Animal studies show that consuming emulsifiers can also lead to anxiety. Mice given CMC and polysorbate 80 showed changes in the Areas of the brain responsible for stress reaction, such as the amygdala. And when emulsifiers are fed to mice during pregnancy, such effects can also be passed on to their offspring. Bancil says animal models are informative, but “we can’t fully translate these things to humans.”
In addition, not all emulsifiers are equally harmful. With Chassaing, Gewirtz and their colleagues tested 20 common food emulsifiersThey found that some, such as Carrageenans, Guar gum and xanthan gum, had strikingly harmful effects, while others, such as lecithin, were less harmful. Lecithin is a natural emulsifier commonly derived from eggs and soy. Therefore, according to Gewirtz, it does not enter the intestine unabsorbed, as is the case with synthetic emulsifiers. On the other hand, “Polysorbate 80, Carrageenans“And also a lot of gums, xanthan gum, guar gum – these are really, really aggressive to the microbiota,” Chassaing said.

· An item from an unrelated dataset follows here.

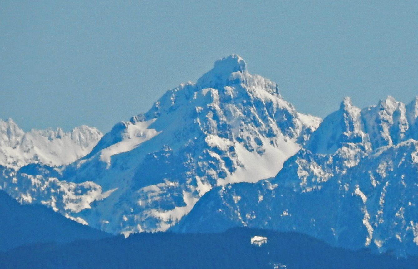 English: Del Campo Peak seen from Lake Stevens, WA with long lens |

There may be ways to protect the gut microbiome from the harmful effects of dietary emulsifiers. When researchers fed mice mucus-strengthening bacteria, Akkermansia muciniphila, It prevented the damage caused by consuming CMC and polysorbate 80. However, Gewirtz cautioned that this does not mean we should all rush to get supplies AKkermansia pills, as such supplements “just aren’t really well tested.”
The safest way to keep your gut healthy is to eat homemade foods and avoid emulsifiers entirely. However, Bancil said this can be difficult for some people, especially those with busy lifestyles. So looking at the labels might be a better approach. “Very often there is an alternative,” said Chassaing. “Ice cream accommodates many dietary emulsifiers, but there are some brands that make ice cream without emulsifiers,” he said.
Counter-intuitively, cheaper foods sometimes contain fewer emulsifiers than more expensive options. “There could be a branded ketchup, and it could be a supermarket’s own brand. The branded product, which may be more expensive, may contain emulsifiers, but the store brand may not contain emulsifiers,” Bancil said.
The same goes for foods marketed as healthy, he said Megan Rossi, PhD, Nutritionist at King's College London. “Let’s just be careful and not automatically assume they’re better for us,” she said.
But studying labels is not without its challenges. That's because “emulsifiers could also be called various things,” Bancil said. So carboxymethylcellulose could appear on a label as CMC, cellulose gum, modified cellulose or in Europe as E466. Carrageenan could be called Irish mossEucheuma extract or E407.
According to Gewirtz, given the results of animal and in vitro studies, as well as the first human trials, the food industry should be encouraged to look for safer alternatives, particularly to synthetic emulsifiers. Chassaing hopes that “in the long run we are going to give you the option to pick and favor additives which might be significantly better tolerated by the microbiota.” However, he said, “This shouldn't be the case yet.”